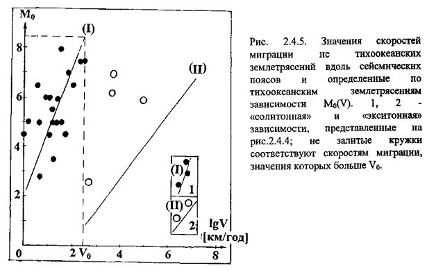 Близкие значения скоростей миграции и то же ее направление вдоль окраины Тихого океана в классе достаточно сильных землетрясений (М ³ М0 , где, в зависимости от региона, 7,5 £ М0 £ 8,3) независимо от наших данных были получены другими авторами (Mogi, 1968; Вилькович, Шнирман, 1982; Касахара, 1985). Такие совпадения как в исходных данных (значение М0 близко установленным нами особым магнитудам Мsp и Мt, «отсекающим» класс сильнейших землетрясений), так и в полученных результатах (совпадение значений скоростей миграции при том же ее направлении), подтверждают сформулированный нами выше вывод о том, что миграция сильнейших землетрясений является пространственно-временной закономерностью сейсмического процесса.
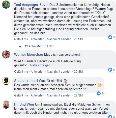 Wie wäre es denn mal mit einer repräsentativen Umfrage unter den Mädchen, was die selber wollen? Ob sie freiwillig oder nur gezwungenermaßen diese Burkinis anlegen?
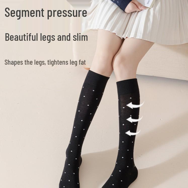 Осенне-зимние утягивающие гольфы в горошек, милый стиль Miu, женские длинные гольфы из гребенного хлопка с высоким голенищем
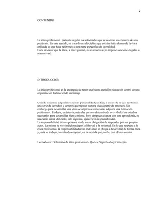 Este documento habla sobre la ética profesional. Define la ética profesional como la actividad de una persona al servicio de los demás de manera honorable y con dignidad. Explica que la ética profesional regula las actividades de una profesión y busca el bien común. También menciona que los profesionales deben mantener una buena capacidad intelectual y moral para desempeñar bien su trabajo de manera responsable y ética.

...

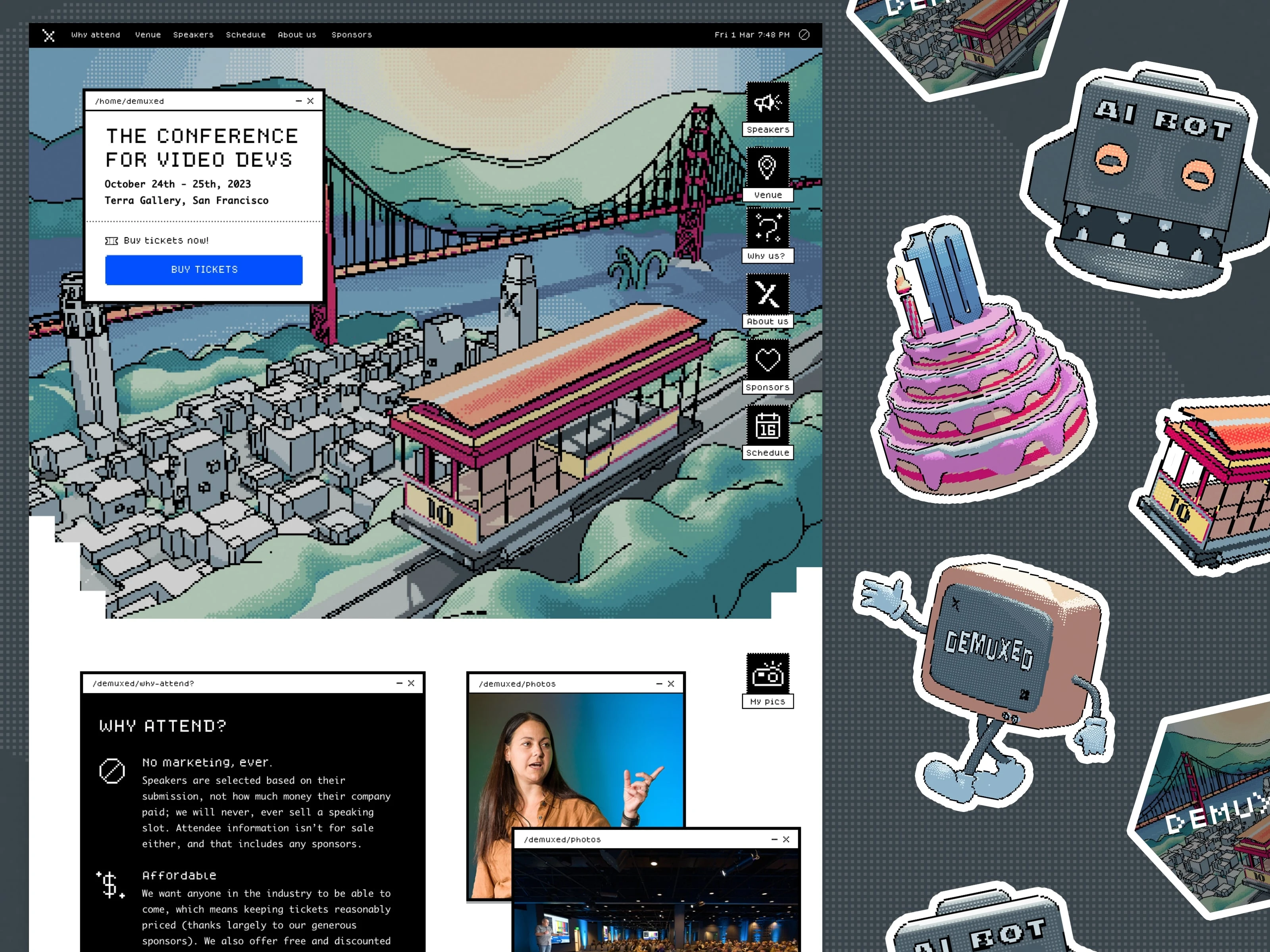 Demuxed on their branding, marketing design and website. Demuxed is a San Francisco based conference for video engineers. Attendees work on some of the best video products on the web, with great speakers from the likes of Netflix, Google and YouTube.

■ **PROBLEM STATEMENT**
Repeat exactly, and only, the entries from the line with "Близкие значения скоростей" through the line with "Este documento habla". Pictures are skipped.

■ **ANSWER TO THIS PROBLEM**
 Близкие значения скоростей миграции и то же ее направление вдоль окраины Тихого океана в классе достаточно сильных землетрясений (М ³ М0 , где, в зависимости от региона, 7,5 £ М0 £ 8,3) независимо от наших данных были получены другими авторами (Mogi, 1968; Вилькович, Шнирман, 1982; Касахара, 1985). Такие совпадения как в исходных данных (значение М0 близко установленным нами особым магнитудам Мsp и Мt, «отсекающим» класс сильнейших землетрясений), так и в полученных результатах (совпадение значений скоростей миграции при том же ее направлении), подтверждают сформулированный нами выше вывод о том, что миграция сильнейших землетрясений является пространственно-временной закономерностью сейсмического процесса.
 Wie wäre es denn mal mit einer repräsentativen Umfrage unter den Mädchen, was die selber wollen? Ob sie freiwillig oder nur gezwungenermaßen diese Burkinis anlegen?
 Осенне-зимние утягивающие гольфы в горошек, милый стиль Miu, женские длинные гольфы из гребенного хлопка с высоким голенищем
 Este documento habla sobre la ética profesional. Define la ética profesional como la actividad de una persona al servicio de los demás de manera honorable y con dignidad. Explica que la ética profesional regula las actividades de una profesión y busca el bien común. También menciona que los profesionales deben mantener una buena capacidad intelectual y moral para desempeñar bien su trabajo de manera responsable y ética.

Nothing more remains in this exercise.